The Angst of the Night

And the people stood afar off, and Moses drew near unto the thick darkness where God was” (Exodus 20:21). Our angst often comes when God appears to be silent in our night. Isn’t it touching, that the very fear of the dark that grips us in our youth should instead transform into trust. God’s Word reveals that He was dwelling in the dark. If God is there, we need not fear.

The Answer in the Night

World War I was called the war to end all wars. Although it did not do that, it was one of the most costly wars ever fought on the face of the earth. The total killed during the war was a staggering 8,538,315 and the total wounded was 21,219,452. Yet as bloody and horrendous as those days of battle, there stands one momentous day in the winter of 1914. It took place on the battlefields of Flanders. The British and French were in fierce battle with the Germans. Both sides were dug in muddy trenches 6 to 8 feet deep, which seemed to stretch forever. Then on Christmas Eve all along the German trenches, Christmas trees, lit with candles began to appear. Christmas carols were heard above the trenches, and then as though they were being led by an unseen hand, there came an answer from the British and French trenches, across “no man’s land.” The carols were answered with carols. Much to the chagrin of some of the military brass, the men began to lay down their weapons and surface. The enemies met in “no man’s land,” buried their dead, and exchanged gifts of chocolate cake, post cards and newspapers. Why, some even played soccer. The moment that stands out was when someone started singing “Silent Night” in his respective language and it was answered as the song continued with everyone joining in singing in English, German and French. In the midst of this horrendous war that cost no less than 8 1⁄2 million lives, heavenly peace was found one silent night.
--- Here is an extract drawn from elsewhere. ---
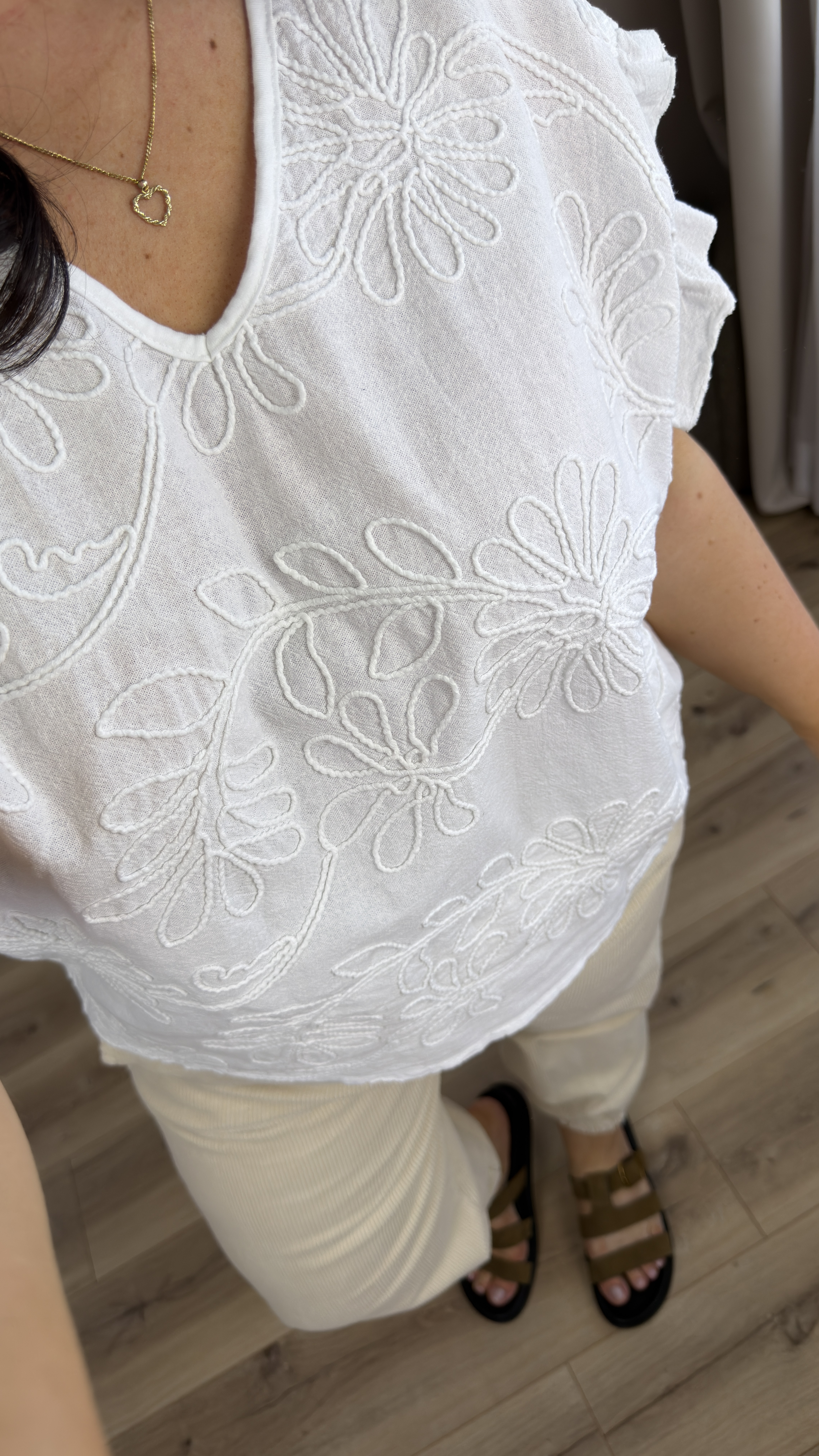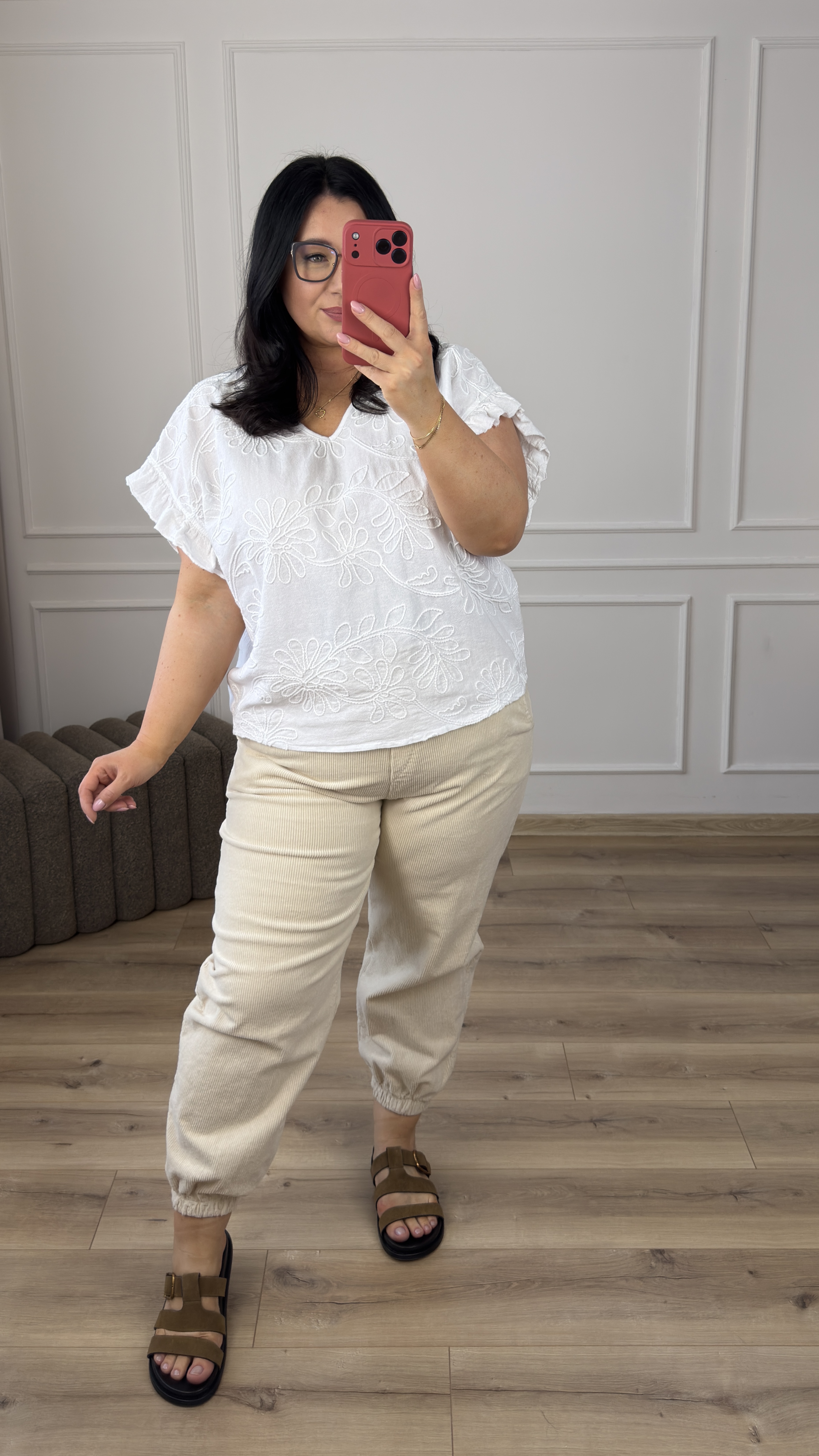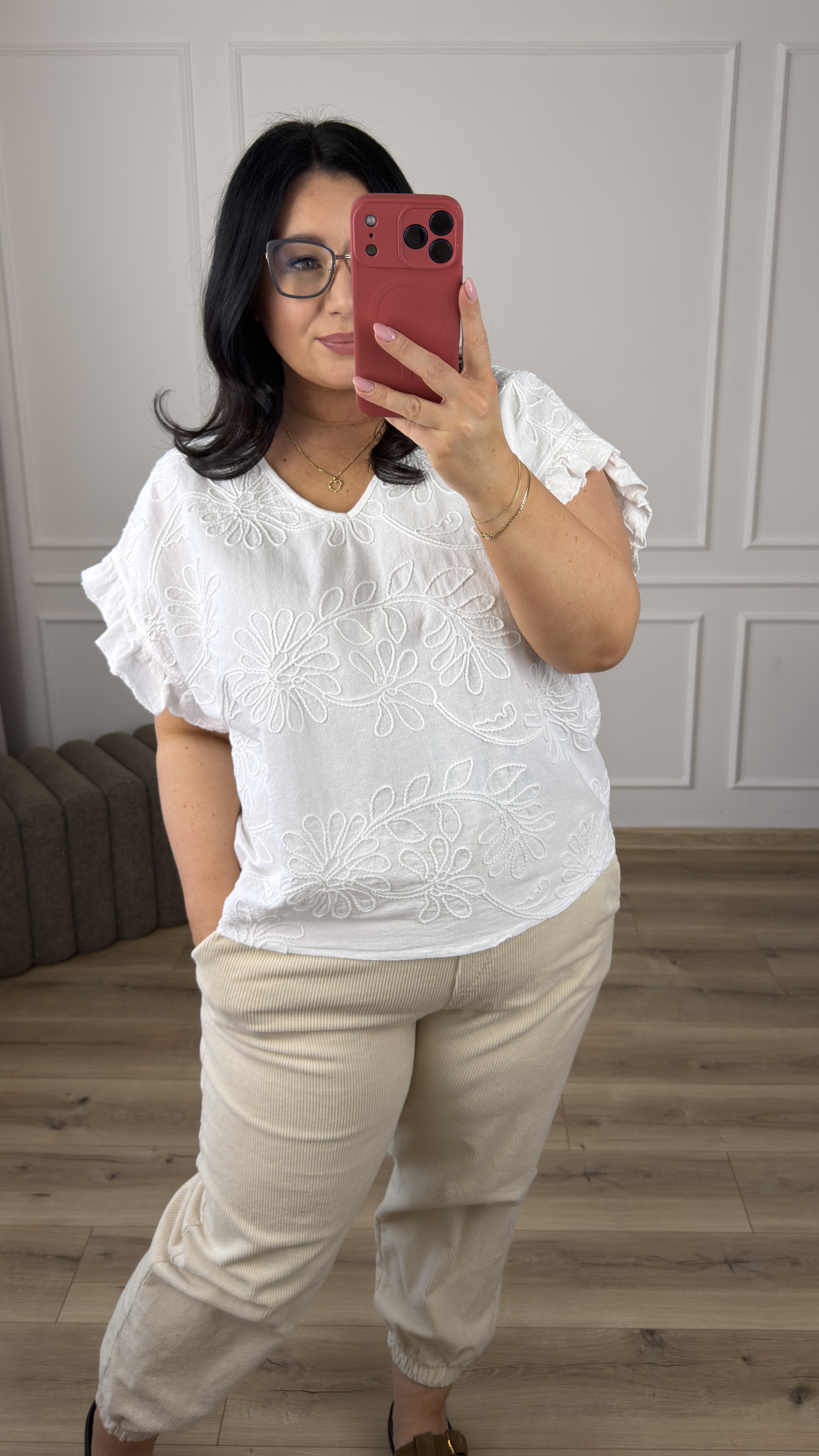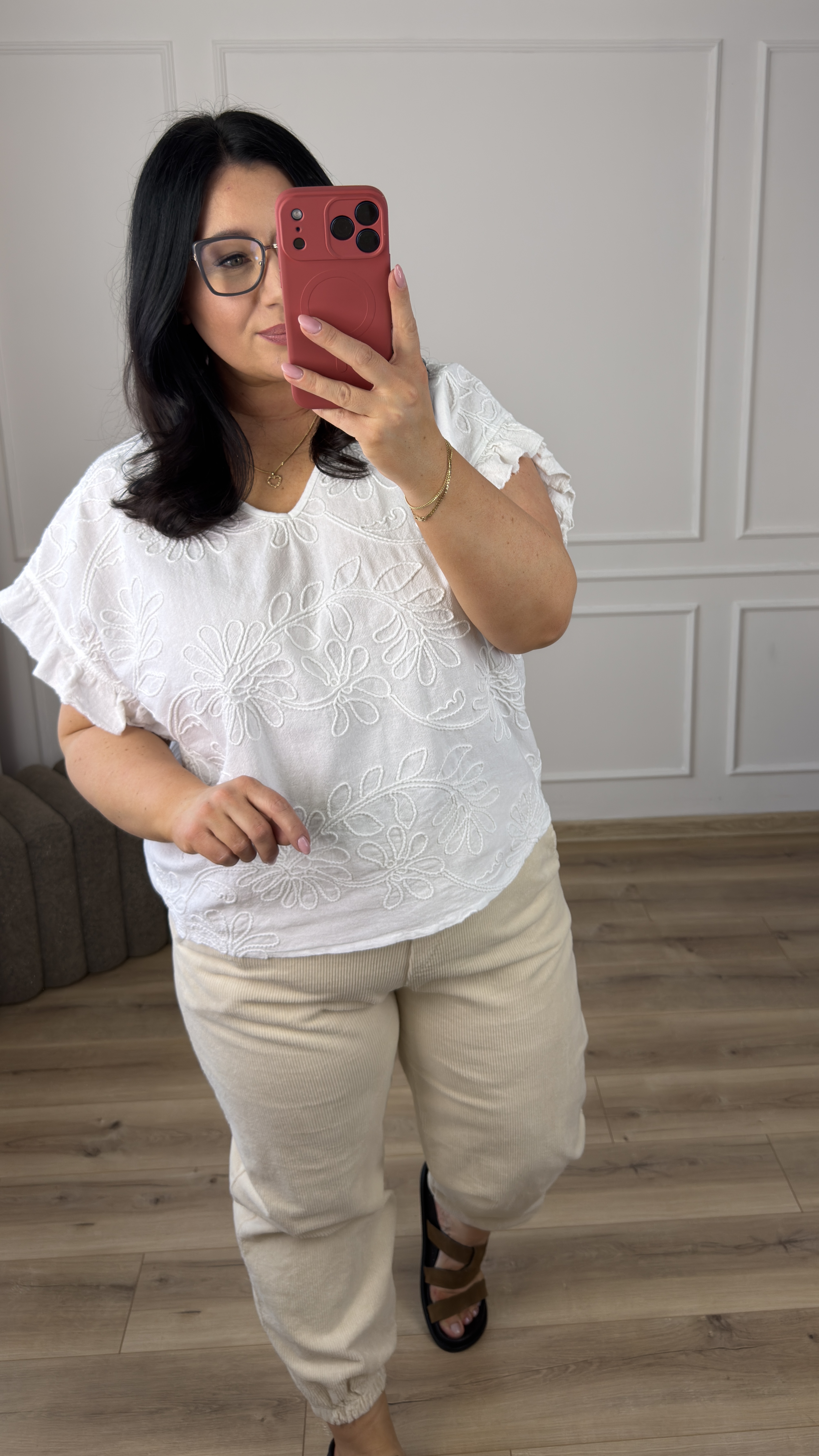 Świetna bluzka o luźnym lekko nietoperzowym kroju posiada haftowanie materiału z przodu. Tył bluzki gładki. Krótki rękaw wykończony falbanką.

In the midst of a world full of hate, bondage and iniquity, the baby Jesus was born. Even wicked Herod went into a killing spree with the slaughter of the innocents, but what peace came to the shepherds, what peace came to the wise men that traveled from the other side of the world when they found Jesus! “For unto us a child is born, unto us a son is given: and the government shall be upon his shoulder: and his name shall be called Wonderful, Counsellor, The mighty God, The everlasting Father, The Prince of Peace” (Isaiah 9:6). A Scottish poet, a veteran of the Western Front, later penned these last words to a poem that commemorated the temporary armistice of WWI, “Oh ye who read this truthful rime, From Flanders, kneel and say: God speed the time when every day, Shall be as Christmas Day.”